After all test cases have been executed, there may be still a few "surviving" mutants. To improve the test set T, the program tester can provide additional test inputs to kill these surviving mutants. However, there are some mutants that can never be killed, because they always produce the same output as the original program. These mutants are called Equivalent Mutants. They are syntactically different but functionally equivalent to the original program. Automatically detecting equivalent mutants is impossible [BuddA82,OffuttP97], because the problem would involve detecting equivalence.
Mutation Testing concludes with an adequacy score, known as the Mutation Score, which indicates the quality of the input test set. The mutation score (MS) is the ratio of the number of killed mutants over the total number of non-equivalent mutants. The goal of mutation analysis is to raise the mutation score to 1, indicating the test set T is sufficient to detect all the faults denoted by the mutants.
Although Mutation Testing is able to effectively assess the quality of a test set, it still suffers from a number of problems. One problem that prevents Mutation Testing from becoming a practical testing technique is the high computational cost of executing the enormous number of mutants against a test set. The other problems are related to the amount of human effort involved in using Mutation Testing , for example, the human oracle problem and the equivalent mutant problem.
The human oracle problem refers to the process of checking the original program's output with each test case.

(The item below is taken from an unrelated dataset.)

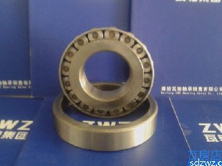圓錐滾子軸承的內、外圈具有錐形滾道,滾道之間裝有錐形滾子。若將錐形面延伸,最終會聚于軸承軸線上一點。圓錐滾子軸承主要用于承受以徑向載荷為主的徑向,軸向聯合載荷。軸承的軸向承載能力由接觸角決定,越大,軸向承載能力越大.圓錐滾子軸承為分離型軸承,帶滾子和保持架的內圈構成內組件,能與外圈分開安裝。 該類軸承主要用途:汽車前輪、后輪、變速器、差速器、小齒輪軸,機床主軸,建筑機械,大型農業機械,鐵路車輛齒輪減速裝置,軋鋼機輥頸小減速裝置。
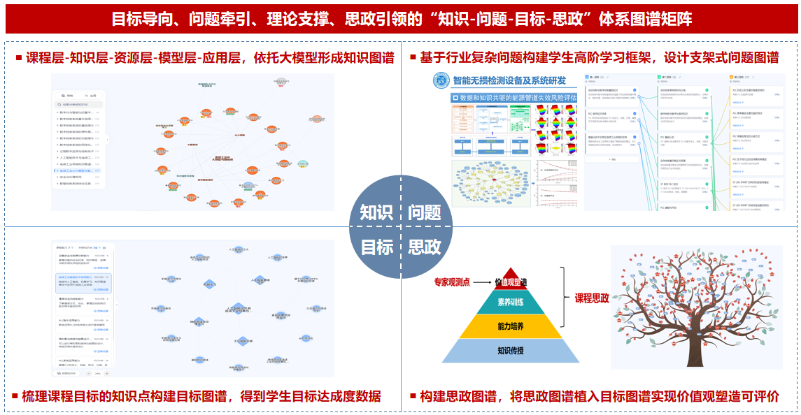案例以“智能驱动与价值引领”双核驱动,运用生成式人工智能技术,构建了课程专用大模型与智能体,搭建了“知识 - 问题 - 目标 - 思政”图谱矩阵和数字人分身,设计了“生 - 师 - 智”协同教学模式,建立了数据驱动的量化评价与反馈机制,推动了AI技术与课程建设及思政育人的深度融合。

Strictly speaking this is not a problem unique to Mutation Testing. In all forms of testing, once a of set inputs has been arrived at, there remains the problem of checking output. However, mutating testing is effective precisely because it is demanding and this can lead to an increase in the number of test cases, thereby increasing oracle cost. This oracle cost is often the most expensive part of the overall test activity. Also, because of the undecidability of mutant equivalence, the detection of equivalent mutants often involves additional human effort.